Из вещей материальных — наспех присыпанные кости в братских могилах на безымянном поле, где, по самым скромным подсчетам, покоились останки полутора тысяч человек. Удалось восстановить паспортные данные лишь около двухсот человек, расстрелянных Тоней. Смерть этих людей и легла в основу заочного обвинения Антонины Макаровны Макаровой, 1921 года рождения, предположительно жительницы Москвы. Больше о ней не знали ничего…
В конце войны Макарова достала фальшивое удостоверение медсестры и устроилась на работу в госпиталь, вышла замуж за фронтовика B. C. Гинзбурга, сменила фамилию.
Длительное время органы КГБ не могли найти ее ввиду того, что она была урожденная Парфенова, но была по ошибке записана как Макарова.
«Разыскное дело Антонины Макаровой наши сотрудники вели тридцать с лишним лет, передавая его друг другу по наследству, — рассказывал майор КГБ Петр Николаевич Головачев, занимавшийся в 1970-х годах розыском Антонины Макаровой. — Периодически оно попадало в архив, потом, когда мы ловили и допрашивали очередного предателя Родины, оно опять всплывало на поверхность. Не могла же Тонька исчезнуть без следа?! Это сейчас можно обвинять органы в некомпетентности и безграмотности. Но работа шла ювелирная. За послевоенные годы сотрудники КГБ тайно и аккуратно проверили всех женщин Советского Союза, носивших это имя, отчество и фамилию и подходивших по возрасту, — таких Тонек Макаровых нашлось в СССР около 250 человек. Но — бесполезно. Настоящая Тонька-пулеметчица как в воду канула…»
«Вы Тоньку слишком не ругайте, — говорил Головачев. — Знаете, мне ее даже жаль. Это все война, проклятая, виновата, она ее сломала… У нее не было выбора — она могла остаться человеком и сама тогда оказалась бы в числе расстрелянных.

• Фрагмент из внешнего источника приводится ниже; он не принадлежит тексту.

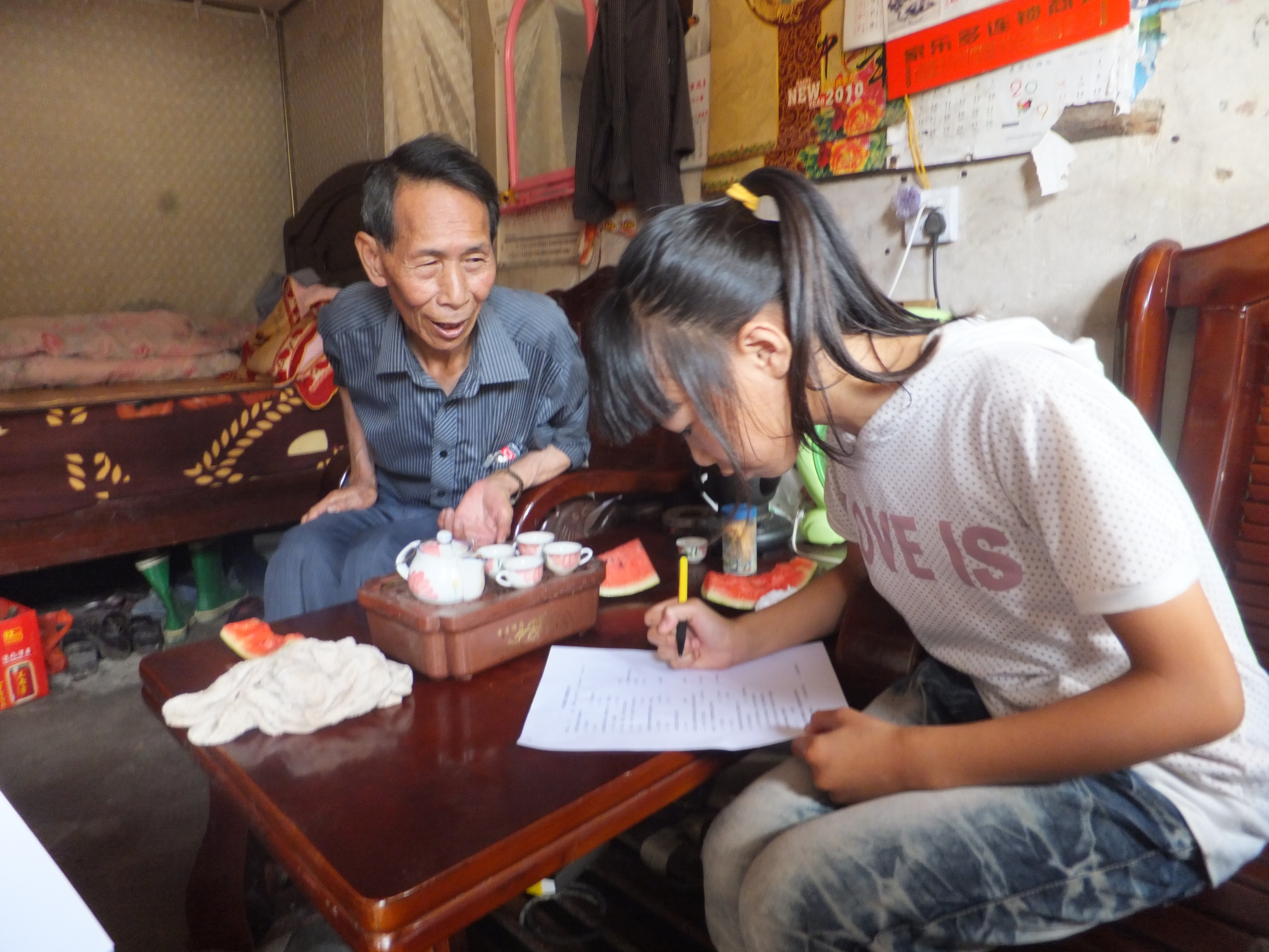 调研组走进一间围龙屋,一位高中生模样的男生陪着老奶奶。经队员了解,原来今天是阿婆生日。队员们配合阿婆填完问卷后,经阿婆同意给她唱起《生日快乐歌》。阿婆显得有点紧张,但喜悦的表情溢于言表。队员林清娜、张丽英送出亲手做的折纸礼物,祝福她生日快乐,健康长寿。

Но предпочла жить, став палачом. А ведь ей было в 1941 году всего 20 лет».
Но просто взять и забыть о ней было нельзя. «Слишком страшные были ее преступления, — говорит Головачев. — Это просто в голове не укладывалось, сколько жизней она унесла. Нескольким людям удалось спастись, они проходили главными свидетелями по делу. И вот, когда мы их допрашивали, они говорили о том, что Тонька до сих пор приходит к ним во снах. Молодая, с пулеметом, смотрит пристально — и не отводит глаза. Они были убеждены, что девушка-палач жива, и просили обязательно ее найти, чтобы прекратить эти ночные кошмары. Мы понимали, что она могла давно выйти замуж и поменять паспорт, поэтому досконально изучили жизненный путь всех ее возможных родственников по фамилии Макаровы…»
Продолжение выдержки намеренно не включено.